What We’re Reading – GAO recommends ending CMS bonus payment demonstration

From the GAO.gov website and different healthcare news websites.

The Government Accountability Office (GAO), a nonpartisan investigative arm of Congress, recommends that CMS should discontinue its quality bonus program demonstration. The reasons are the budgetary impact, lack of data to assess results, and concerns that it rewards providers of medicare health care, according to a report released by GAO on April 2012.  The report suggested that CMS implement the Medicare Advantage bonus payment system authorized by the Patient Protection and Affordable Care Act (PPACA).

The estimated budgetary impact of the bonus program demonstration would be seven times larger than that of any Medicare demonstration since 1995, because the payments are larger than those mandated by the PPACA.  The PPACA mandates bonuses for health plans that achieve a star rating of 4 or higher instead of the demonstration project’s bonuses for star ratings as low as 3.  The GAO report estimates that under the PPACA bonus system, about one third of MA beneficiaries would be covered by plan sponsors eligible for a bonus payment, whereas under the demonstration system, about 90% of beneficiaries would be covered.

CMS responded that the quality bonus payment demonstration program’s design is consistent with the overall goal of improving quality in the Medicare Advantage program and does not preclude a credible evaluation of the demonstration. Absent this demonstration, CMS believes that many plans would not have the incentive to improve quality of care delivered to MA enrollees.

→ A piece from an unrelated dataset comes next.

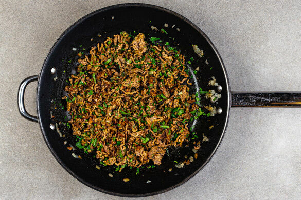 Das vegane Hackfleisch, die Zwiebeln und die Rosinen in einer großen Pfanne mit 2EL Olivenöl bei mittlerer bis starker Hitze 4–5Min. anbraten. Die Petersilie unterrühren und mit Salz und Pfeffer sowie der Gewürzmischung abschmecken.

The concern about lack of data stems from the fact that in 2012 and 2013, bonus payments are based on data collected before the final specifications of the demonstration were released on April 2011. As a result, 2014 would be the only year that CMS could evaluate the results of the demonstration program. This means that bonuses for the demonstration project would be paid without adequate comparison data. Furthermore, the rollout of the demonstration program to all MA plans precludes having a comparison group that could isolate the effects of the demonstration and allow for unbiased evaluation.

CMS conceded the point and will evaluate the demonstration by looking for comparison group outside the MA program, such as plans that contract with Medicare under section 1876, which are cost contracts or those participating in commercial and Medicaid CAHPS and HEDIS programs.